Tuning Your Moderation Policy
Confidence thresholds
Don't trust the AI blindly. Add confidence-based routing:
- High confidence (>0.85) — Auto-action (approve or reject)
- Medium confidence (0.5–0.85) — Send to human review regardless of category
- Low confidence (<0.5) — Always send to human review
Custom rules per context
Different content types need different policies. A product review has different standards than a children's forum. Adjust the prompt per context field:
// In the preprocessing Code node:
const prompts = {
"product-review": "Allow negative opinions but flag personal attacks...",
"kids-forum": "Strict moderation. Flag anything remotely inappropriate...",
"internal-chat": "Relaxed moderation. Only flag clearly toxic content..."
};
const moderationPrompt = prompts[$input.item.json.context] || prompts["product-review"];
Model selection
| Model | Speed | Accuracy | Best for |
|---|---|---|---|
mistral:7b | Fast (~200ms) | Good | High-volume, clear-cut content |
qwen2.5:14b | Medium (~500ms) | Very good | Nuanced content, sarcasm detection |
llama3.1:8b | Fast (~250ms) | Good | General purpose, good multilingual |
qwen2.5:32b | Slow (~1.5s) | Excellent | Second-pass review of borderline content |
Scaling to Production
Batch processing
For platforms with high volume, modify the webhook to accept arrays of content items and process them in parallel using n8n's Split In Batches node. A single 7B model on a modern GPU can handle 10–20 classifications per second.
Feedback loop
When human reviewers override AI decisions, log the correction. Periodically review these overrides to improve your prompts:
- If the AI flags too many safe comments as toxic → adjust the TOXIC definition in your prompt
- If spam is getting through → add more spam indicators to the signals
- If a specific topic keeps getting flagged incorrectly → add it as an exception in the prompt
Multi-language support
Ollama models like qwen2.5 and llama3.1 support 20+ languages natively. Add a language detection step before classification, and use language-specific prompt variants for better accuracy.
Common Use Cases
- Forum/community moderation — Auto-moderate user posts and comments
- Product review filtering — Filter fake reviews, spam, and inappropriate content
- Support ticket triage — Flag abusive customer messages for manager review
- Internal tool protection — Moderate AI chatbot outputs before they reach users
- Social media management — Pre-screen comments on your brand's social accounts
- E-commerce listing moderation — Verify product descriptions meet platform guidelines
Want the complete workflow + 10 more AI templates?

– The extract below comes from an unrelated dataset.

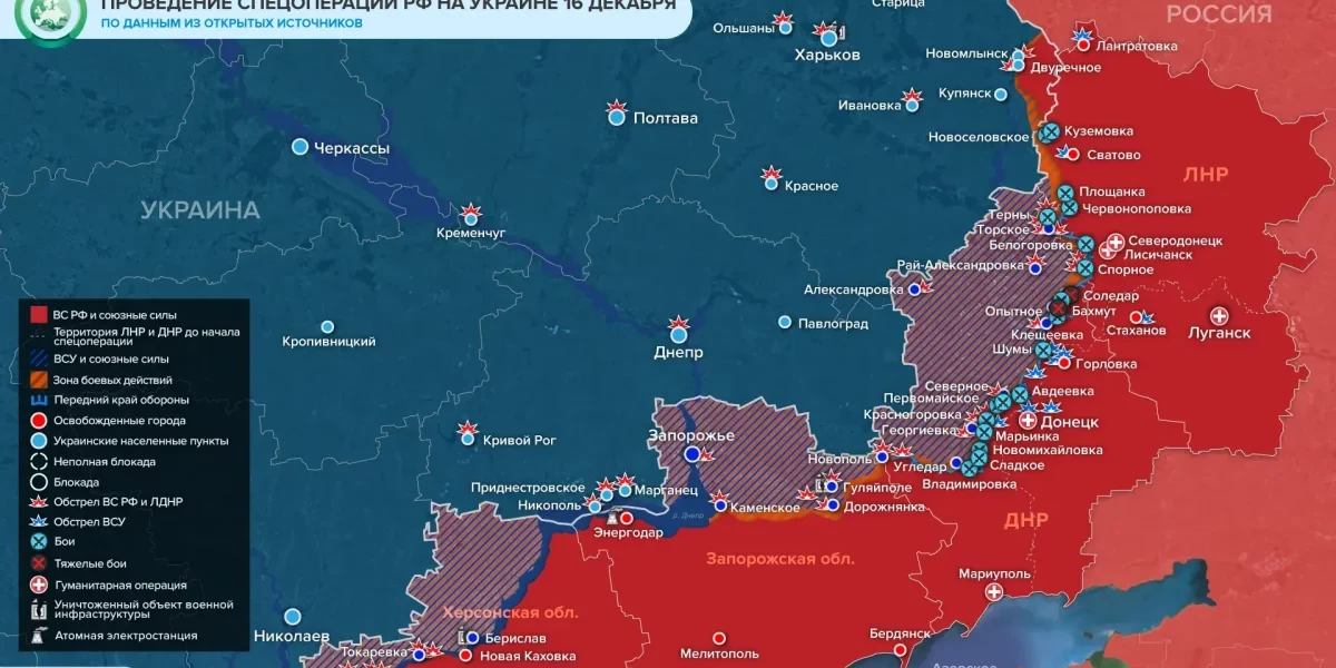 1. Реальная карта боевых действий на Украине на 17 декабря 2022: ситуация на сегодня, последние новости специальной военной операции (СВО) с передовой

Get the full Self-Hosted AI Workflow Pack for n8n + Ollama. 11 production-ready templates including content moderation, email automation, lead scoring, and more.
Get the Pack — $39Summary
Content moderation is a perfect use case for local AI: it's high-volume, privacy-sensitive, and the classification task is well-suited for smaller language models. By running it on your own hardware with n8n + Ollama, you eliminate per-request costs, keep user data private, and get full control over your moderation policy.
The two-pass architecture (fast model for initial screening + accurate model for edge cases) gives you the best of both worlds: speed for the 80% of content that's clearly safe or clearly bad, and accuracy for the 20% that needs careful judgment.
Start with the basic pipeline, then iterate on your prompts based on real moderation data. The audit log is your best friend — it shows you exactly where the AI gets it wrong so you can fix it.